Stored data entries:
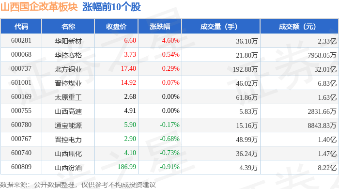 证券之星消息,10月13日山西国企改革板块较上一交易日下跌0.93%,国新能源领跌。当日上证指数报收于3889.5,下跌0.19%。深证成指报收于13231.47,下跌0.93%。山西国企改革板块个股涨跌见下表:
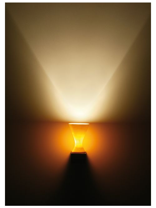 The K-meral MELA Wall Lamp comprises a lampshade out of porcelain and a socket coming with an integrated dimmable transformer out of brushed stainless steel. This lamp is classically shaped like a goblet or a funnel. The colourplay of yellow and orange is a speciality to be seen when the MELA Wall Lamp is switched on. The K-meral MELA Wall Lamp radiates a direct neutral light onto the ceiling as well as the wall. Moreover it scatters a warm diffuse lighting into its surrounding.
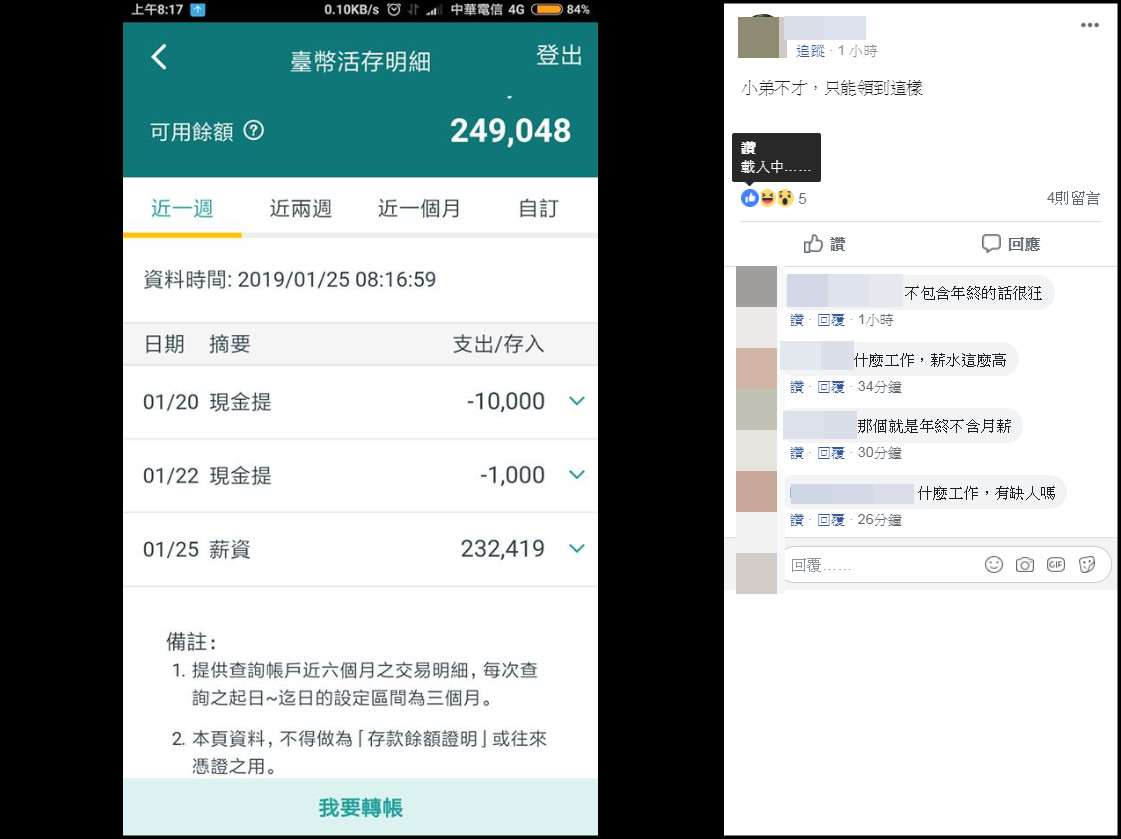 2019年01月26日又到了領年終的時候!一名男網友在臉書社團「爆廢公社」po出一張戶頭轉帳紀錄截圖,表示:「忍了這麼久就是等這幾萬塊,年終樓蓋起來!」從截圖中可以看到,他的戶頭中多了一筆51183元的年終。還有人注意到,他的存款餘額有60多萬,網友們大呼羨慕。
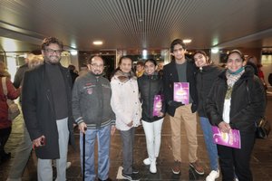 2026年2月17日,Didier Delavictoire先生(左一)与家人观看了神韵在法国的演出。(亦凡/大纪元)
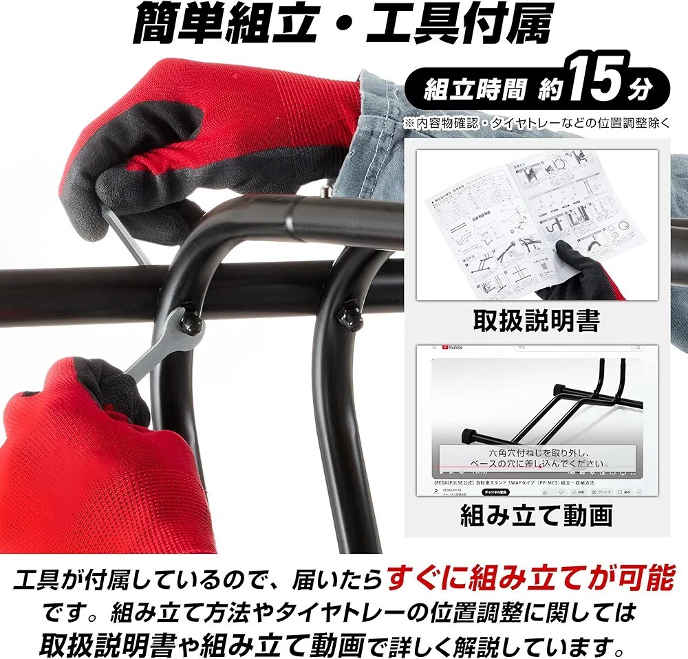 【工具付きで簡単組立】付属の工具で、約15分ですぐに組み立てが完了します。組み立てや位置調整の方法は、取扱説明書や組み立て動画で詳しく解説しています 【各部特徴】大型ツマミネジで素手でも簡単に固定可能/タイヤが地面に触れず、床の汚れや色移りを防止/肉厚ラバーでフレーム・ホイールを傷から守る/メンテナンスフックは3cm間隔で位置調整でき、車種に合わせて使いやすい
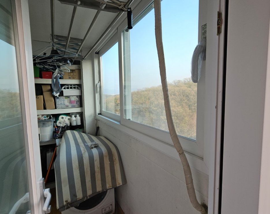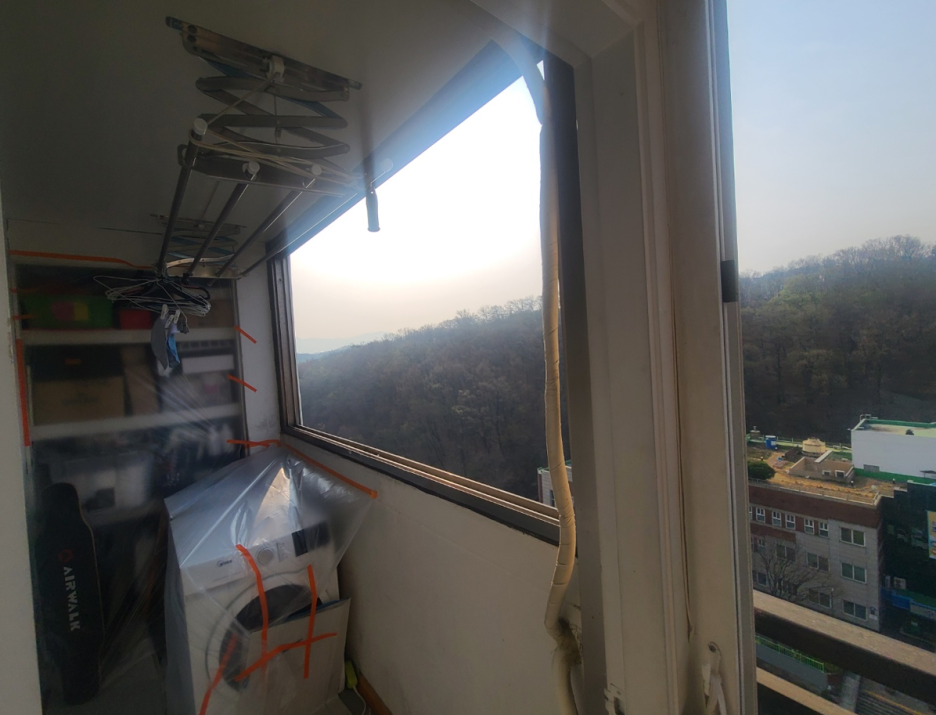 복도식 아파트구요. 거실발코니로 사다리차가 들어가지 못하는 현장이라서 틀은 발코니에서 윈찌로 인상을 했습니다.
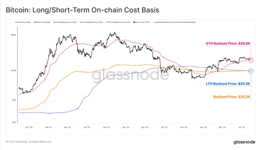BTC 市场继续在历史低波动范围内交易。事实上大多数 BTC 交易者仍处于水下状态。目前六个月内的短期交易者成本为 28600 美元,长期交易者成本要低得多为 20300 美元。预计 BTC 市场短期主要在此区间横盘波动。
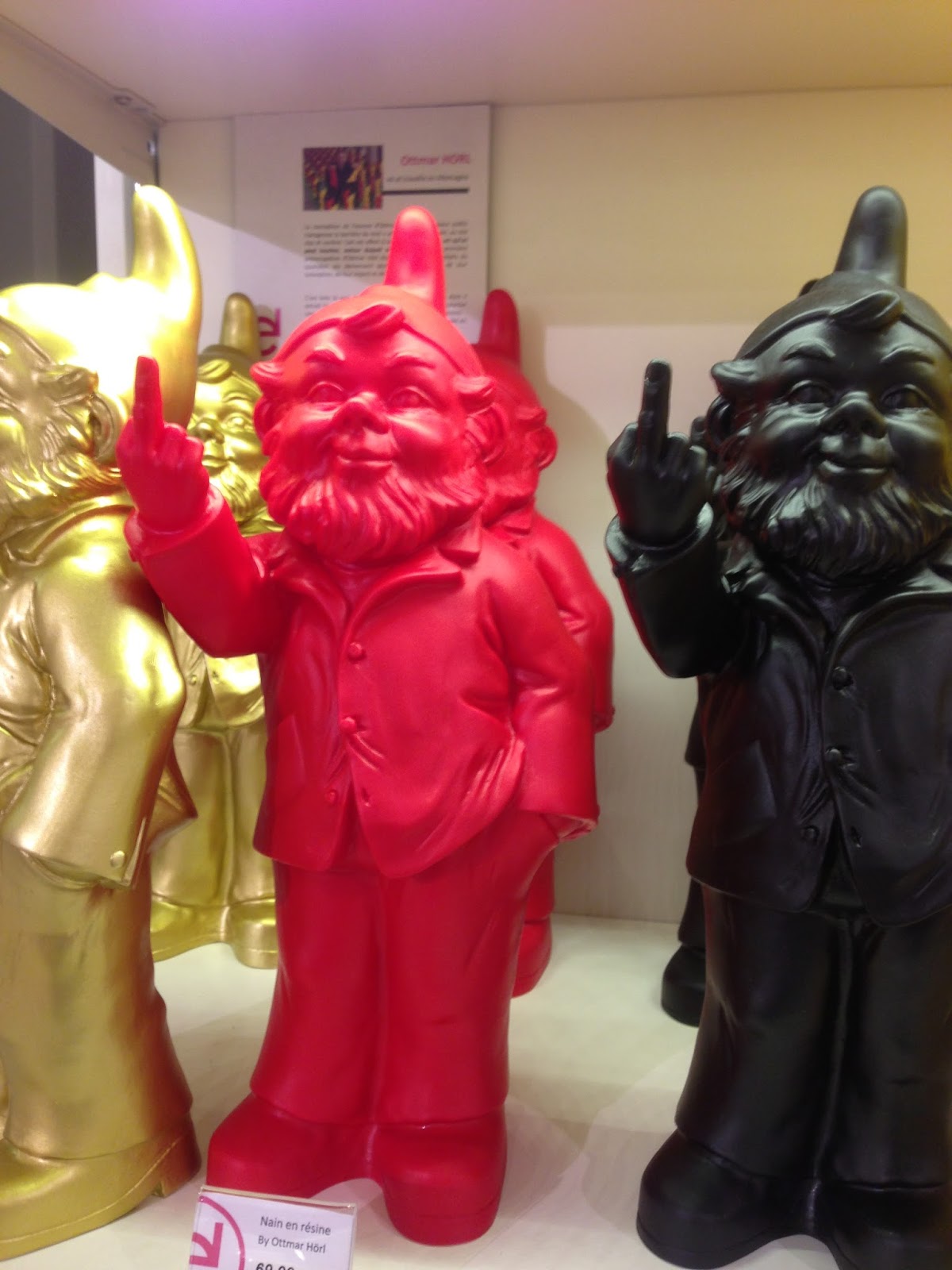 So, to take our mind off of possible dangers, we do what most (okay, maybe some) people like us do, we went shopping, first stop Printemps. Of course we were just trying to stay awake until the evening to help with the jet lag, so our interest in shopping was less than enthusiastic. I saw some humorous items which pretty much sums up our interest in shopping for fashion, below:
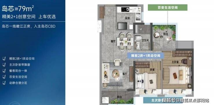 主打79-119㎡2+1至3+1房精装户型,得房率92%-98%,户型方正、南北通透,覆盖刚需与改善需求。均价12888-16000元/㎡,总价98-180万,首付低至15万,性价比突出。
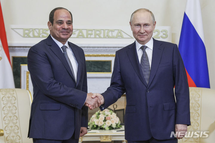 [상트페테르부르크=AP/뉴시스] 블라디미르 푸틴(오른쪽) 러시아 대통령과 압델 파타 엘시시 이집트 대통령이 26일(현지시각) 러시아 상트페테르부르크에서 열린 러시아-아프리카 정상회담에 참석해 별도 회담에 앞서 악수하고 있다. 2023.07.27.
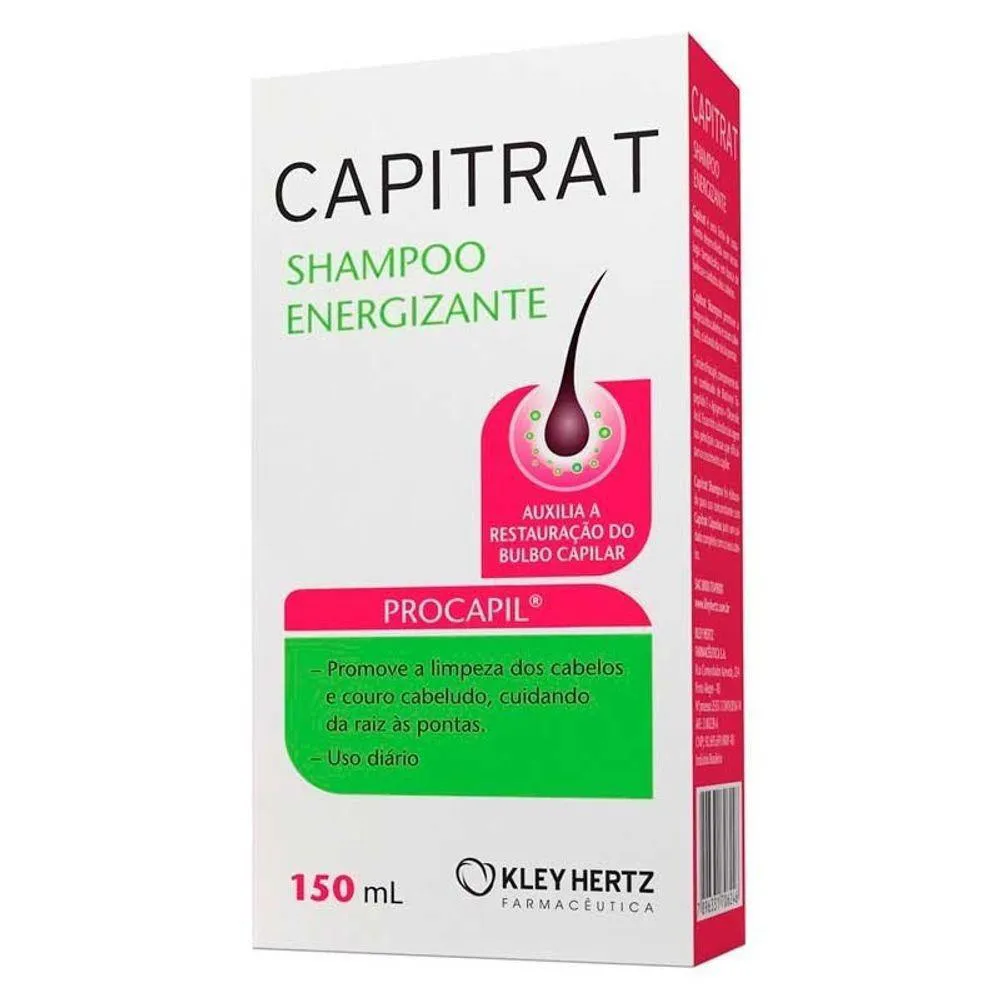 Capitrat é uma linha de tratamento desenvolvida com tecnologia farmacêutica em busca de beleza e cuidados dos cabelos. Capitrat shampoo promove a limpeza dos cabelos e couro cabeludo, cuidando da raiz às pontas. Contém Procapil, componente ativo combinado de Biotinoyl Tripeptide-1 + Apigenin + Oleanolic Acid. Essas três substâncias agem nas principais causas que dificultam o crescimento capilar. Capitrat Shampoo foi elaborado para o uso concomitante com Capitrat cápsulas para um cuidado completo com os seus cabelos. Modo de usar: Distribuir o produto sobre os cabelos molhados e massagear. Deixar agir por 3 minutos e enxaguar. Repetir o procedimento se necessário. Capitrat shampoo auxilia a restauração do bulbo capilar. Uso diário

* [About this exercise] With the pictures removed, copy the data above word for word.

* [Solution for this problem]
 证券之星消息,10月13日山西国企改革板块较上一交易日下跌0.93%,国新能源领跌。当日上证指数报收于3889.5,下跌0.19%。深证成指报收于13231.47,下跌0.93%。山西国企改革板块个股涨跌见下表:
 The K-meral MELA Wall Lamp comprises a lampshade out of porcelain and a socket coming with an integrated dimmable transformer out of brushed stainless steel. This lamp is classically shaped like a goblet or a funnel. The colourplay of yellow and orange is a speciality to be seen when the MELA Wall Lamp is switched on. The K-meral MELA Wall Lamp radiates a direct neutral light onto the ceiling as well as the wall. Moreover it scatters a warm diffuse lighting into its surrounding.
 2019年01月26日又到了領年終的時候!一名男網友在臉書社團「爆廢公社」po出一張戶頭轉帳紀錄截圖,表示:「忍了這麼久就是等這幾萬塊,年終樓蓋起來!」從截圖中可以看到,他的戶頭中多了一筆51183元的年終。還有人注意到,他的存款餘額有60多萬,網友們大呼羨慕。
 2026年2月17日,Didier Delavictoire先生(左一)与家人观看了神韵在法国的演出。(亦凡/大纪元)
 【工具付きで簡単組立】付属の工具で、約15分ですぐに組み立てが完了します。組み立てや位置調整の方法は、取扱説明書や組み立て動画で詳しく解説しています 【各部特徴】大型ツマミネジで素手でも簡単に固定可能/タイヤが地面に触れず、床の汚れや色移りを防止/肉厚ラバーでフレーム・ホイールを傷から守る/メンテナンスフックは3cm間隔で位置調整でき、車種に合わせて使いやすい
 복도식 아파트구요. 거실발코니로 사다리차가 들어가지 못하는 현장이라서 틀은 발코니에서 윈찌로 인상을 했습니다.
BTC 市场继续在历史低波动范围内交易。事实上大多数 BTC 交易者仍处于水下状态。目前六个月内的短期交易者成本为 28600 美元,长期交易者成本要低得多为 20300 美元。预计 BTC 市场短期主要在此区间横盘波动。
 So, to take our mind off of possible dangers, we do what most (okay, maybe some) people like us do, we went shopping, first stop Printemps. Of course we were just trying to stay awake until the evening to help with the jet lag, so our interest in shopping was less than enthusiastic. I saw some humorous items which pretty much sums up our interest in shopping for fashion, below:
 主打79-119㎡2+1至3+1房精装户型,得房率92%-98%,户型方正、南北通透,覆盖刚需与改善需求。均价12888-16000元/㎡,总价98-180万,首付低至15万,性价比突出。
 [상트페테르부르크=AP/뉴시스] 블라디미르 푸틴(오른쪽) 러시아 대통령과 압델 파타 엘시시 이집트 대통령이 26일(현지시각) 러시아 상트페테르부르크에서 열린 러시아-아프리카 정상회담에 참석해 별도 회담에 앞서 악수하고 있다. 2023.07.27.
 Capitrat é uma linha de tratamento desenvolvida com tecnologia farmacêutica em busca de beleza e cuidados dos cabelos. Capitrat shampoo promove a limpeza dos cabelos e couro cabeludo, cuidando da raiz às pontas. Contém Procapil, componente ativo combinado de Biotinoyl Tripeptide-1 + Apigenin + Oleanolic Acid. Essas três substâncias agem nas principais causas que dificultam o crescimento capilar. Capitrat Shampoo foi elaborado para o uso concomitante com Capitrat cápsulas para um cuidado completo com os seus cabelos. Modo de usar: Distribuir o produto sobre os cabelos molhados e massagear. Deixar agir por 3 minutos e enxaguar. Repetir o procedimento se necessário. Capitrat shampoo auxilia a restauração do bulbo capilar. Uso diário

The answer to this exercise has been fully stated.